**Assignment:** Only the lines below from the one containing "Welkom in een" to the one containing "Heri menambahkan, massa" should be repeated, both included and unchanged.

**Listed entries:**
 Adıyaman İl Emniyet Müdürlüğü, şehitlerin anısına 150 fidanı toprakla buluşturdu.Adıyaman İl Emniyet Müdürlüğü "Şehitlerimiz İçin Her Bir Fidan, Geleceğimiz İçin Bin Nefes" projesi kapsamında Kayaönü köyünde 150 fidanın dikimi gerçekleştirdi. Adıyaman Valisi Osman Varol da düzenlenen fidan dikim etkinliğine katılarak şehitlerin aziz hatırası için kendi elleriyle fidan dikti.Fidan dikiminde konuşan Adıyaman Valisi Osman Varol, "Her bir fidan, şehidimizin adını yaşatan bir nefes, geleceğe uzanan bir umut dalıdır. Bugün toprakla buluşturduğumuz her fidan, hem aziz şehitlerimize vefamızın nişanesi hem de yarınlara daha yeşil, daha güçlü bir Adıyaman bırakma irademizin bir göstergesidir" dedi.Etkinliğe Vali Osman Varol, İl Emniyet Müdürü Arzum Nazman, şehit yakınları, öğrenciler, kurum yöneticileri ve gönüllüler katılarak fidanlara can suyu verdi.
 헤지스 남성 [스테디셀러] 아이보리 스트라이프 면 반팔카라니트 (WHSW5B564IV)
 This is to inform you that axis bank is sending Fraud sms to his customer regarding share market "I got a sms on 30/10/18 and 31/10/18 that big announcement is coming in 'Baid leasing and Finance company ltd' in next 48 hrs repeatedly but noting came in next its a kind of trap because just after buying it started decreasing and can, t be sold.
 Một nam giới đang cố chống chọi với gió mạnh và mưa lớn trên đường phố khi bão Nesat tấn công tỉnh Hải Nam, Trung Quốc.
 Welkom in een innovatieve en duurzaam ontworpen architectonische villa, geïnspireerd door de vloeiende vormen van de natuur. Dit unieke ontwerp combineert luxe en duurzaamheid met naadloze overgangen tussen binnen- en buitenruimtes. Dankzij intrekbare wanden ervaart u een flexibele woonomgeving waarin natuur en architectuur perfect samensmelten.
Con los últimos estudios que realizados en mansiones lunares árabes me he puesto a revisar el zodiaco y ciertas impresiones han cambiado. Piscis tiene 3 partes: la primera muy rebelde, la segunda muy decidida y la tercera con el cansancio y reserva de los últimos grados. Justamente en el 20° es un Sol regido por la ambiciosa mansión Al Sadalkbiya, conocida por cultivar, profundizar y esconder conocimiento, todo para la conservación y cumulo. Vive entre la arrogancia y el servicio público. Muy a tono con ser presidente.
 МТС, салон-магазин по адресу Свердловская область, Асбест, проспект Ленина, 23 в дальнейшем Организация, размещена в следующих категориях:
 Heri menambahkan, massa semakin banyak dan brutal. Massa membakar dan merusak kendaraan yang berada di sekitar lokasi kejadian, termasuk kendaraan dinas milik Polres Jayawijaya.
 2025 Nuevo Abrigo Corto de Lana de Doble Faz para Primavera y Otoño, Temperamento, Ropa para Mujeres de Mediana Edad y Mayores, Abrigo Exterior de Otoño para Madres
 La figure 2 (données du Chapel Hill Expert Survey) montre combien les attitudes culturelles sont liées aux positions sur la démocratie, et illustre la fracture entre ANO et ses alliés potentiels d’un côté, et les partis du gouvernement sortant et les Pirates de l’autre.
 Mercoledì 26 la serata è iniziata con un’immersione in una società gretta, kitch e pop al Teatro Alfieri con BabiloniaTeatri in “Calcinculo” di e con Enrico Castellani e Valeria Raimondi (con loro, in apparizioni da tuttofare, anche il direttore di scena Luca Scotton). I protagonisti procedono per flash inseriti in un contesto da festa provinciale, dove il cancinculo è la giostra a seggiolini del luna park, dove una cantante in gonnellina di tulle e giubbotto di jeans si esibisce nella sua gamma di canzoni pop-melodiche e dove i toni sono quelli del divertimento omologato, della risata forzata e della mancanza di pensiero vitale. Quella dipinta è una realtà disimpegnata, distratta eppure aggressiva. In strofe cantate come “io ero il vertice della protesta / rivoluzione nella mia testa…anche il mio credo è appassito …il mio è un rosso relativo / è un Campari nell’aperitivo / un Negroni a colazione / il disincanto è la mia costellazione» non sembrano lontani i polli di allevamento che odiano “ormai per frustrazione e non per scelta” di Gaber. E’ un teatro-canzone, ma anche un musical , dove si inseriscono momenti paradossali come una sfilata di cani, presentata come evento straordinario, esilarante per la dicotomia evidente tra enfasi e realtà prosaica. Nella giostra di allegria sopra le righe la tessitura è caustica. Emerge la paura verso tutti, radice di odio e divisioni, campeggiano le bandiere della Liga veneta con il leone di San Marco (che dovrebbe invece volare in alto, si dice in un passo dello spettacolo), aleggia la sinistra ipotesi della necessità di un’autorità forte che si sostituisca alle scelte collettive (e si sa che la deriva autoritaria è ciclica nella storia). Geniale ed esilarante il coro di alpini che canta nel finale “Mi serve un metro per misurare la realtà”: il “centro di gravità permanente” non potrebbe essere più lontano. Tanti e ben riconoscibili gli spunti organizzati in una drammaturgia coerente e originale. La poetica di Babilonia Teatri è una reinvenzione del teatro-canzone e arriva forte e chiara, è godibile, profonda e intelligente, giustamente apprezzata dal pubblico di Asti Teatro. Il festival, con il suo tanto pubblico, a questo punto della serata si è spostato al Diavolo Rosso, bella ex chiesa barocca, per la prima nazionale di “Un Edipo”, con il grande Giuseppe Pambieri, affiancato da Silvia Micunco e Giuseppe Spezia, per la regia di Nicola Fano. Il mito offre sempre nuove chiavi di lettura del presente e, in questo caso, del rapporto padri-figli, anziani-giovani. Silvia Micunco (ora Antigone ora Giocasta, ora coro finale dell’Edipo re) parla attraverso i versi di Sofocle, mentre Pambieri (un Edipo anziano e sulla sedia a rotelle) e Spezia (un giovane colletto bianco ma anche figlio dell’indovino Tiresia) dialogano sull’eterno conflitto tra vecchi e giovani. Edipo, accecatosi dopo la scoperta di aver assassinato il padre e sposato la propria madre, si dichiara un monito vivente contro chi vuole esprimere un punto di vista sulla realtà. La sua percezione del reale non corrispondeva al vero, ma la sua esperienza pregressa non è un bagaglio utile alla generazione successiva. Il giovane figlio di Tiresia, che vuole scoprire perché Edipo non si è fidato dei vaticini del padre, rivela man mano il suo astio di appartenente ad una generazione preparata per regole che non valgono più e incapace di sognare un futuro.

**Task result:**
 Welkom in een innovatieve en duurzaam ontworpen architectonische villa, geïnspireerd door de vloeiende vormen van de natuur. Dit unieke ontwerp combineert luxe en duurzaamheid met naadloze overgangen tussen binnen- en buitenruimtes. Dankzij intrekbare wanden ervaart u een flexibele woonomgeving waarin natuur en architectuur perfect samensmelten.
Con los últimos estudios que realizados en mansiones lunares árabes me he puesto a revisar el zodiaco y ciertas impresiones han cambiado. Piscis tiene 3 partes: la primera muy rebelde, la segunda muy decidida y la tercera con el cansancio y reserva de los últimos grados. Justamente en el 20° es un Sol regido por la ambiciosa mansión Al Sadalkbiya, conocida por cultivar, profundizar y esconder conocimiento, todo para la conservación y cumulo. Vive entre la arrogancia y el servicio público. Muy a tono con ser presidente.
 МТС, салон-магазин по адресу Свердловская область, Асбест, проспект Ленина, 23 в дальнейшем Организация, размещена в следующих категориях:
 Heri menambahkan, massa semakin banyak dan brutal. Massa membakar dan merusak kendaraan yang berada di sekitar lokasi kejadian, termasuk kendaraan dinas milik Polres Jayawijaya.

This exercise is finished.